Having been summoned to his mom's office on the first floor, Titus wandered down the staircase and nearly slipped on the bottom step. He was shaking, and his knees barely held him up. Only forty minutes had passed since Alaric left, and in that time Titus had stripped himself of the clothes he'd been wearing and stood under the scalding spray of his shower. He'd needed to wash off what he'd just done. Titus didn't know why he'd kissed Alaric. He didn't know anything about the boy; it had just been the moment, the intensity of Alaric's gaze. It had all been too much, and it had just happened.
Certain he was feverish, especially after retching into the toilet from the guilt of it all, Titus knocked on the office door. She should be out still, but apparently while he'd been upstairs acting like a lunatic, Rhea James had returned home. She'd only just sent a notification to Titus' wrist Holo, and he was certain she knew. Certain she was going to yell at him, scream at him, something.
Didn't he deserve that?
Titus' insides twisted as he hesitated at the mahogany door. The sound of footsteps on the other side shrank Titus until he was nothing more than a small child again. The door opened inward, and he steeled himself, pushing down everything that could implicate any sort of guilt. He expected her wrath, but was faced with nothing more than her soft smile—the one she always wore when she wanted to tell Titus she loved him.
"What's wrong?" she asked, somehow seeing through Titus' façade.
"What?" Titus sniffed. "Nothing." He raised his wrist. "You told me to come down."
She didn't seem convinced, but she turned and walked back toward her desk, upon which a hologram of two human bodies side-by-side rotated. Titus followed, noticing that his mom's hair was slightly askew, as if she'd been running her hands through it. She was tired, strung out, much as she wouldn't want him to see it.

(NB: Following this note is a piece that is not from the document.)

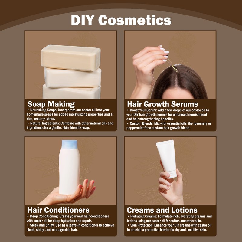 Castor oil is a versatile oil known for its benefits on the skin and hair. It deeply moisturizes the skin, reducing wrinkles and leaving it soft and radiant. For hair growth, it strengthens follicles and stimulates growth, resulting in thicker, healthier hair. Its natural properties make it a popular choice for skincare and hair care needs, providing nourishment and promoting overall well-being. In addition to its moisturizing properties, castor oil also helps soothe and calm irritated skin, making it a gentle option for sensitive skin types. Furthermore, its ability to combat dryness and address scalp issues like dandruff makes it a valuable addition to your beauty routine.

"What have you been working on?" Titus asked, setting himself in the chair before her desk.
Rhea twisted her lips, probably thinking about how to dumb down her findings so Titus could understand. "The Void leaks have been getting worse since Caleb and Danielle met."
Titus perked up. "Worse? But you haven't had me close any of them."
She sighed, tapping her fingers on the desk. "I've been closing them myself still. I wanted to give you a break, remember. I should have been able to have Caleb close them by now, but..." she trailed off.
"His Ringlock is a bitch," Titus finished for her. He wouldn't show that he was still angry she wasn't having him close the leaks.
"Titus," she said reproachfully, then acquiesced. "Yes, a total bitch."
"So what are those?" Titus gestured to the holograms.
"So," Rhea started. The two projections rose further from the desk. The bodies were labeled with thick, bold letters above the heads. Natalee. Danielle. Tiny streaks of light coursed through the outlines of the body, forming almost a nervous system of lightning strikes. They mirrored each other. "I did some unethical things," she said with the tones of someone who was confessing to a priest. "I wanted to see if there was anything in Danielle's DNA that could show whether she had a connection to the Void. So I broke into her house and took a bit of her hair."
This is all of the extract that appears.